▼

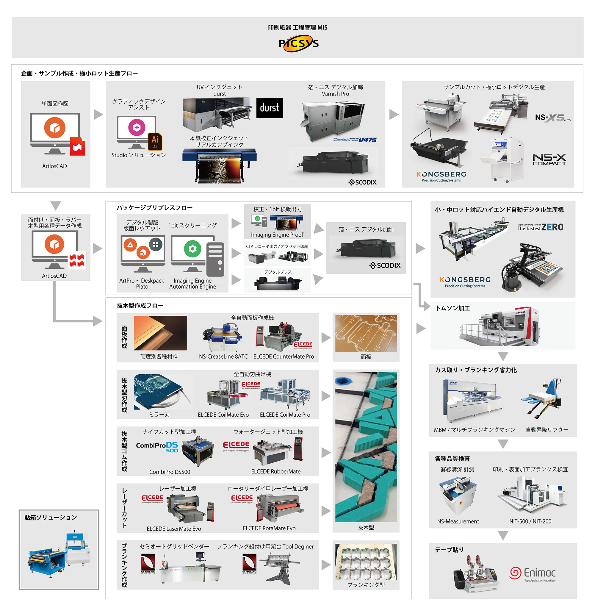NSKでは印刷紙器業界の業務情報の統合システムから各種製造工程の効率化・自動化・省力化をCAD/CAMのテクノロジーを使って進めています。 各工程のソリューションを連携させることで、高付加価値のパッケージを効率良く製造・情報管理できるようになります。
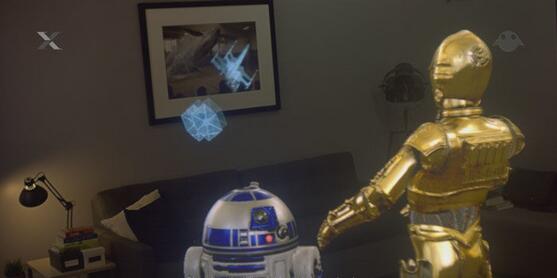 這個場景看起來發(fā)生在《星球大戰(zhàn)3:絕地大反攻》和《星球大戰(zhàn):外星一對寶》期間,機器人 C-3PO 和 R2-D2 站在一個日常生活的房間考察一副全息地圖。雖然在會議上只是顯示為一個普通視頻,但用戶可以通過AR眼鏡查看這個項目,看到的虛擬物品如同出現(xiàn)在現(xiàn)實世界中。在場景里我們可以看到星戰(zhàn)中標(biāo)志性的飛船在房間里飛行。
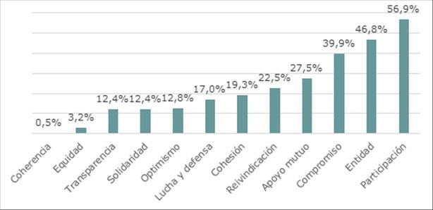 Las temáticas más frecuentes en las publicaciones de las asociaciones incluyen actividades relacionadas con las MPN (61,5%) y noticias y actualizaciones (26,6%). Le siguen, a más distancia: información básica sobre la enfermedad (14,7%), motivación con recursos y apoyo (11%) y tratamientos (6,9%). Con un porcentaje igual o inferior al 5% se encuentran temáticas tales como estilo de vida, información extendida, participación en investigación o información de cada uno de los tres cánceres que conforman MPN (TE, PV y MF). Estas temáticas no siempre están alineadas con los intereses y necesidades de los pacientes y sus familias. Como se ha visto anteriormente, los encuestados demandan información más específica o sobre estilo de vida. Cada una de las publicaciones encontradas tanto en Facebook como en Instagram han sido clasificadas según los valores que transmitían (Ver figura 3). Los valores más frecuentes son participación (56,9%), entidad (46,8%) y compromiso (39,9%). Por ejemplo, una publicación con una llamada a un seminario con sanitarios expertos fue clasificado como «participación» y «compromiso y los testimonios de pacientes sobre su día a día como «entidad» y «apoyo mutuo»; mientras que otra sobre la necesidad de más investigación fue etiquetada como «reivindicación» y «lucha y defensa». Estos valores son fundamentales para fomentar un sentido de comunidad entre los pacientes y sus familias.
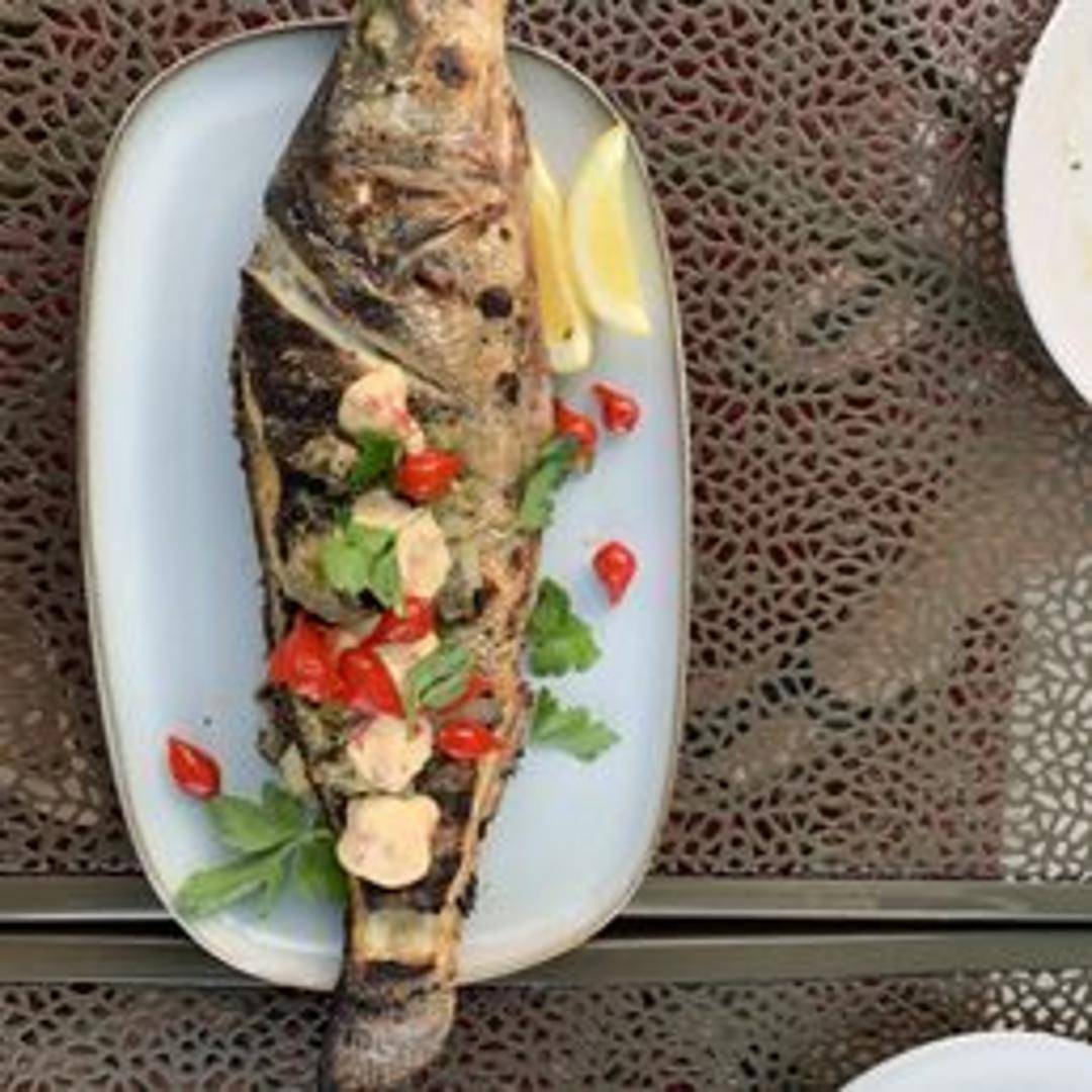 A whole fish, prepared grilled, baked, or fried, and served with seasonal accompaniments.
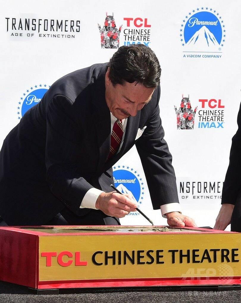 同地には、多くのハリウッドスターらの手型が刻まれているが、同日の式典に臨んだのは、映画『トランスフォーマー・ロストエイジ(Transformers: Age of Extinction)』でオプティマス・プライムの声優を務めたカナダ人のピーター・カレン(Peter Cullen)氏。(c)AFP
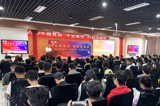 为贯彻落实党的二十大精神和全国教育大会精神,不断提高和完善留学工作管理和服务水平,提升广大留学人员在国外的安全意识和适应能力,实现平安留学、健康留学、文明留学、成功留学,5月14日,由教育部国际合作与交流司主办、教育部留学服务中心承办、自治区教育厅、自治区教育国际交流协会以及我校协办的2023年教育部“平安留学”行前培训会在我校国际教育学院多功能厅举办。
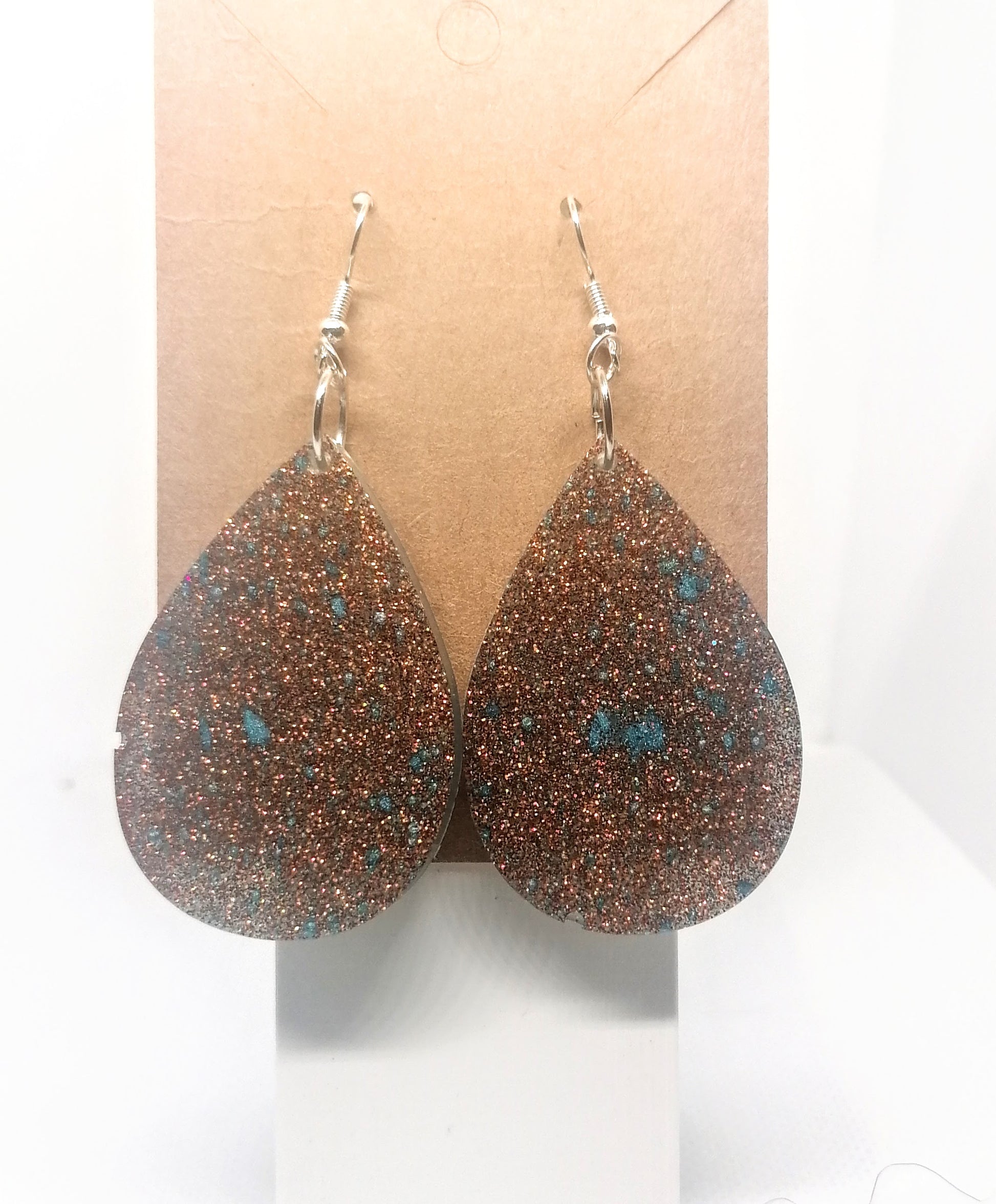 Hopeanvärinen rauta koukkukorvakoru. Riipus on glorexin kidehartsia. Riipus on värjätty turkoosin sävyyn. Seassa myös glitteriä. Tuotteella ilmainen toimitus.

▲

__YOUR ASSIGNMENT__:
Please copy the data shown above word for word, omitting the pictures.

__SOLUTION__:
NSKでは印刷紙器業界の業務情報の統合システムから各種製造工程の効率化・自動化・省力化をCAD/CAMのテクノロジーを使って進めています。 各工程のソリューションを連携させることで、高付加価値のパッケージを効率良く製造・情報管理できるようになります。
 這個場景看起來發(fā)生在《星球大戰(zhàn)3:絕地大反攻》和《星球大戰(zhàn):外星一對寶》期間,機器人 C-3PO 和 R2-D2 站在一個日常生活的房間考察一副全息地圖。雖然在會議上只是顯示為一個普通視頻,但用戶可以通過AR眼鏡查看這個項目,看到的虛擬物品如同出現(xiàn)在現(xiàn)實世界中。在場景里我們可以看到星戰(zhàn)中標(biāo)志性的飛船在房間里飛行。
 Las temáticas más frecuentes en las publicaciones de las asociaciones incluyen actividades relacionadas con las MPN (61,5%) y noticias y actualizaciones (26,6%). Le siguen, a más distancia: información básica sobre la enfermedad (14,7%), motivación con recursos y apoyo (11%) y tratamientos (6,9%). Con un porcentaje igual o inferior al 5% se encuentran temáticas tales como estilo de vida, información extendida, participación en investigación o información de cada uno de los tres cánceres que conforman MPN (TE, PV y MF). Estas temáticas no siempre están alineadas con los intereses y necesidades de los pacientes y sus familias. Como se ha visto anteriormente, los encuestados demandan información más específica o sobre estilo de vida. Cada una de las publicaciones encontradas tanto en Facebook como en Instagram han sido clasificadas según los valores que transmitían (Ver figura 3). Los valores más frecuentes son participación (56,9%), entidad (46,8%) y compromiso (39,9%). Por ejemplo, una publicación con una llamada a un seminario con sanitarios expertos fue clasificado como «participación» y «compromiso y los testimonios de pacientes sobre su día a día como «entidad» y «apoyo mutuo»; mientras que otra sobre la necesidad de más investigación fue etiquetada como «reivindicación» y «lucha y defensa». Estos valores son fundamentales para fomentar un sentido de comunidad entre los pacientes y sus familias.
 A whole fish, prepared grilled, baked, or fried, and served with seasonal accompaniments.
 同地には、多くのハリウッドスターらの手型が刻まれているが、同日の式典に臨んだのは、映画『トランスフォーマー・ロストエイジ(Transformers: Age of Extinction)』でオプティマス・プライムの声優を務めたカナダ人のピーター・カレン(Peter Cullen)氏。(c)AFP
 为贯彻落实党的二十大精神和全国教育大会精神,不断提高和完善留学工作管理和服务水平,提升广大留学人员在国外的安全意识和适应能力,实现平安留学、健康留学、文明留学、成功留学,5月14日,由教育部国际合作与交流司主办、教育部留学服务中心承办、自治区教育厅、自治区教育国际交流协会以及我校协办的2023年教育部“平安留学”行前培训会在我校国际教育学院多功能厅举办。
 Hopeanvärinen rauta koukkukorvakoru. Riipus on glorexin kidehartsia. Riipus on värjätty turkoosin sävyyn. Seassa myös glitteriä. Tuotteella ilmainen toimitus.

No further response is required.